Ethiopia Trip Update #6 - from Joy





It is twelve long hours in the car to drive to Gimbie. Gimbie is nestled in western Ethiopia close to the Sudan border and it is tropical foliage and quite hot this time of the year. We passed by many small villages whose way of life has not changed for centuries. The farmers were out ploughing with oxen and the older children herded the goats or cows. As we passed a stream, I saw women washing clothes and further down others filling their water containers. Those that are more affluent ride horses or have horse drawn carts …. but the majority of people just walk. It is life lived close to the land. Black and white monkeys capered in the trees and we saw many baboons and exotic birds.

We were welcomed to Gimbie by an American couple who are working as missionaries at Gimbie Adventist Hospital and it was their invitation that motivated this trip. Scott is the head nurse of the hospital and they have been taking care of three babies that, through various circumstances, were placed in their path. They are adopting two of them and wanted YWAM to facilitate the adoption of the third. The Barlows see firsthand the need for someone to work with unmarried women who have an unplanned pregnancy. In this culture, it is shameful to have a baby before marriage and having a baby greatly damages your chances of finding a husband. Abortions are regularly being performed with a stick or umbrella, and many of them end up at the hospital with catastrophic consequences.

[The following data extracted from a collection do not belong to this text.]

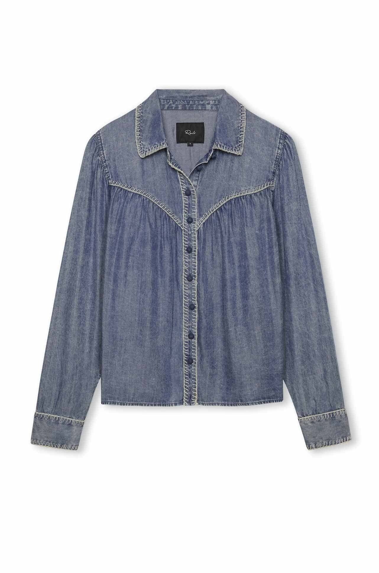 • Designed with a classic collared neckline, delicate gathered shoulders, and a signature blanket stitch trim for added texture and detail, this versatile denim top pairs perfectly with jeans, trousers, or skirts. Ideal for casual outings, office wear, or layered seasonal looks, the Campbell Shirt blends timeless design with contemporary comfort for a polished yet laid-back aesthetic.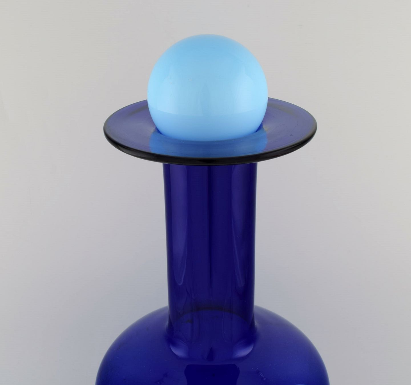 Otto Brauer for Holmegaard. Stor vase/flaske i blåt kunstglas med lyseblå kugle. 1960'erne.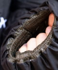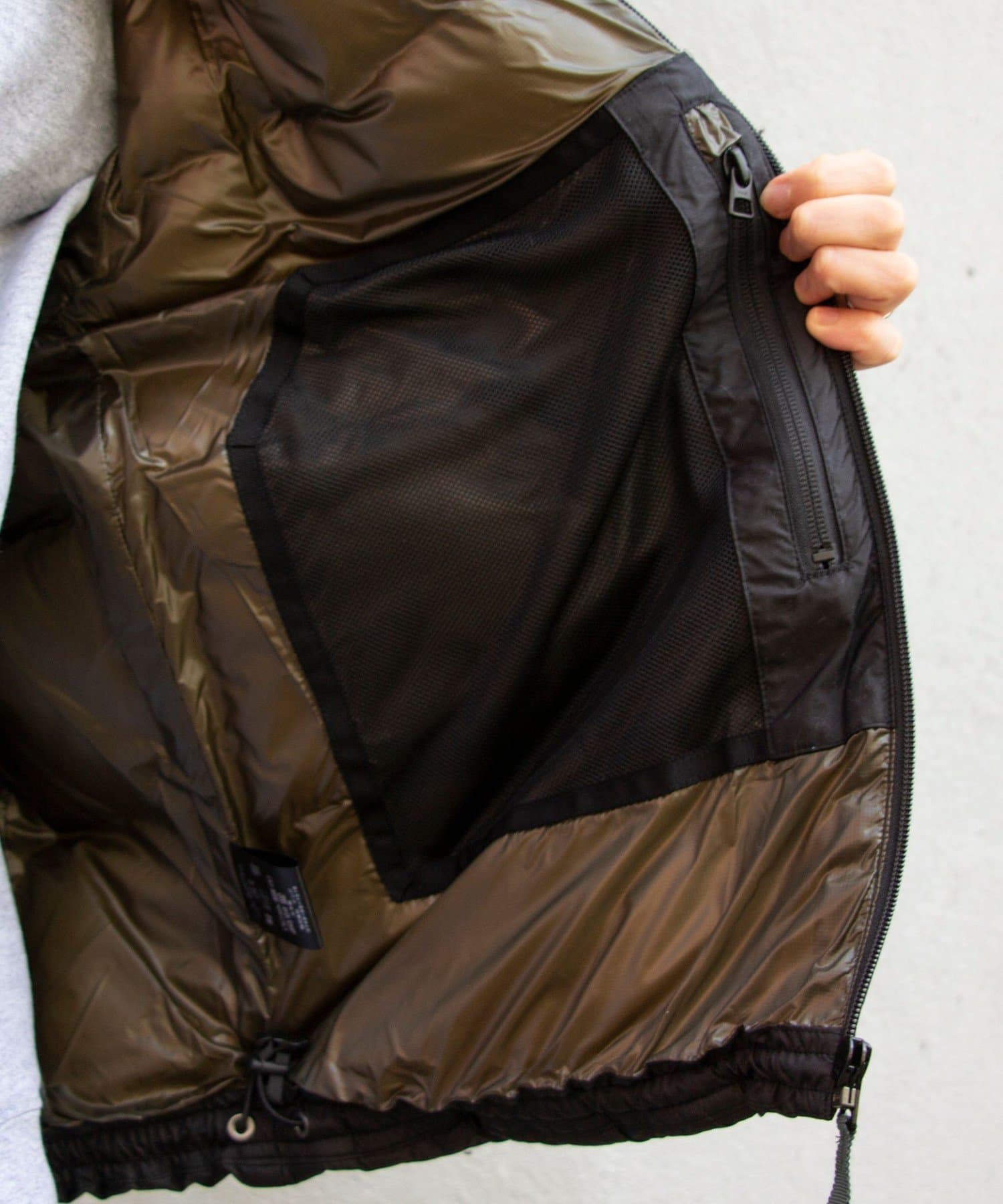表生地は、羽毛の飛び出しを極力防ぎながら、タスラン加工糸を横糸に使い、ナイロン100%ながらも独特なマットな質感。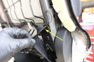 - Secure the elastic bands (x2) at the RH 2nd row seat inboard outer hinge cover.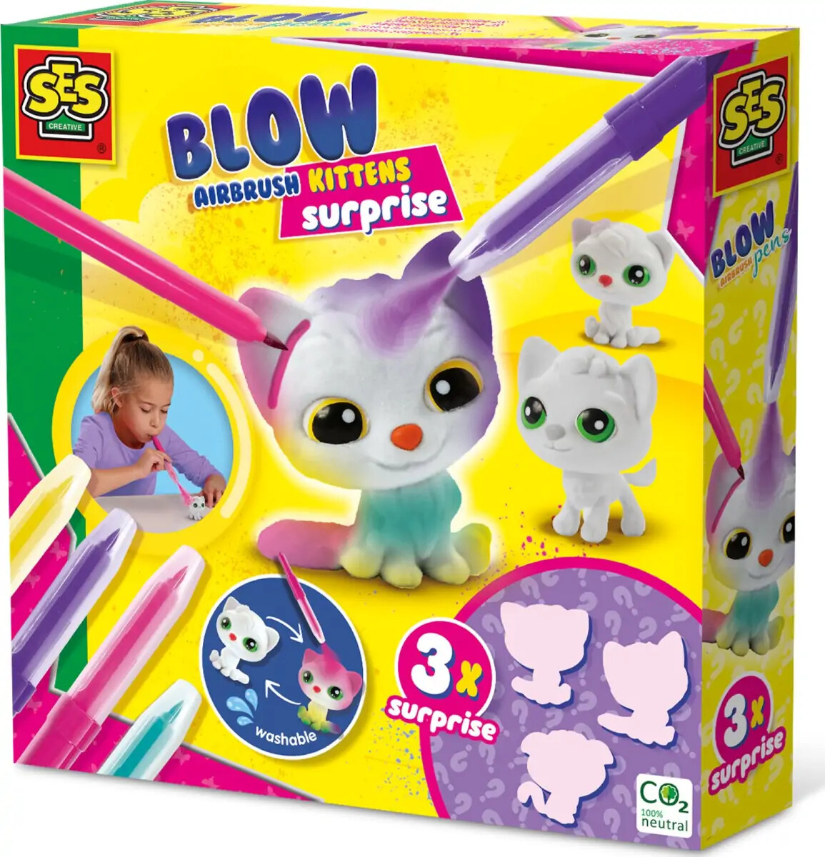 Tre overraskelser venter på at blive fundet. Find killingerne med deres bløde hvide pels. Med de fire farvede airbrush penne kan du give hver hvalp muntre farver, prikker og striber. Færdig? Vask...

Take Tigist for example. She is a beautiful 17-year-old who tried to abort her baby with a stick. She came to the hospital in acute distress. The stick had perforated her uterus and bowel and the midwife delivered a preemie baby and the stick. There was nothing to do but to perform a complete hysterectomy. Amazingly, the premature baby was okay. He is one month old now and doing well, but Tigist wants to finish her schooling and is not ready to settle down and take care of her baby. She wanted to leave the baby at the hospital, but was encouraged to take the child home and try parenting simply because there was no place for the baby nor was there anyone at the hospital who could care for him. We walked to her house (which was an adventure all in itself … it was remote and down an extremely steep, rocky path) and ducked in the doorway of her mud hut. We found Tigist and the baby and they both looked quite well. The baby’s cheeks were full and he was alert and looking all around. We visited for a time and Tigist reiterated her dream of finishing school and once again asked that someone else raise her baby boy. We set an appointment to come to the hospital that evening to meet with the interpreter and social worker to begin the necessary paperwork.

In all of Gimbie area there is no one working with children or pregnant unmarried women. The need is acute, and before we left we accepted two babies and a little 7-year-old darling girl into our program, hired a social worker who is also a nurse and left instructions to find a building with painted walls, a cement floor and with running water and electricity that we can rent for a drop-in center for children age five and under. We know there could be, and probably will be, a flood of babies. For now, we will keep the babies/children at our Gimbie center and then transfer them to our established orphanage in Nazaret (Adama). The Adventist Hospital has offered to build an orphanage for us on their hospital property and perhaps even a place to care for pregnant women. We were amazed at how many doors were open for ministry and how enthusiastic the hospital staff was to have us partner with them in this vital service. One afternoon I gave a training to some of the hospital staff about adoption and we wrote policies and procedures for the hospital so they could know exactly the steps to take when a baby needed services. The Social Affairs office was contacted (which loosely might be the equivalent to our country’s Department of Social and Health Services) and they were ecstatic to have us come and help. We also contacted the police chief and received a very warm, helpful welcome from him and his staff.

Yesterday Mark, Abebe and I left Gimbie amazed and a little overwhelmed at what transpired in just 24 hours! Gimbie is so remote that it seems the government and most everybody else has forgotten about them. We found a warm, delightful society and a hospital who is delivering up to 160 babies a month …. and they only get the traumatic cases as most babies are delivered naturally at home! Scott gave us a tour of the hospital and when we stopped by the delivery room, Scott pointed to a tiny cardboard box by the door. It contained a dead baby. He said they bury from 2 to 4 babies a day. Mothers labor at home far too long before coming in, and many times their babies have already died or die shortly after delivery. They are going out into the villages to give training to the women about delivery and encouraging them with coupons to pay for medical care so they will come to the hospital much, much earlier when they have trouble.

I must get ready for the day. Once again, we have much to do here in Addis this morning and will travel back to Nazaret this afternoon. I slept like a log last night after three exhausting days going to and coming from Gimbie. I marvel at God’s hand in all this and timing of our coming. My worry is we won’t have enough families to adopt all these precious little ones!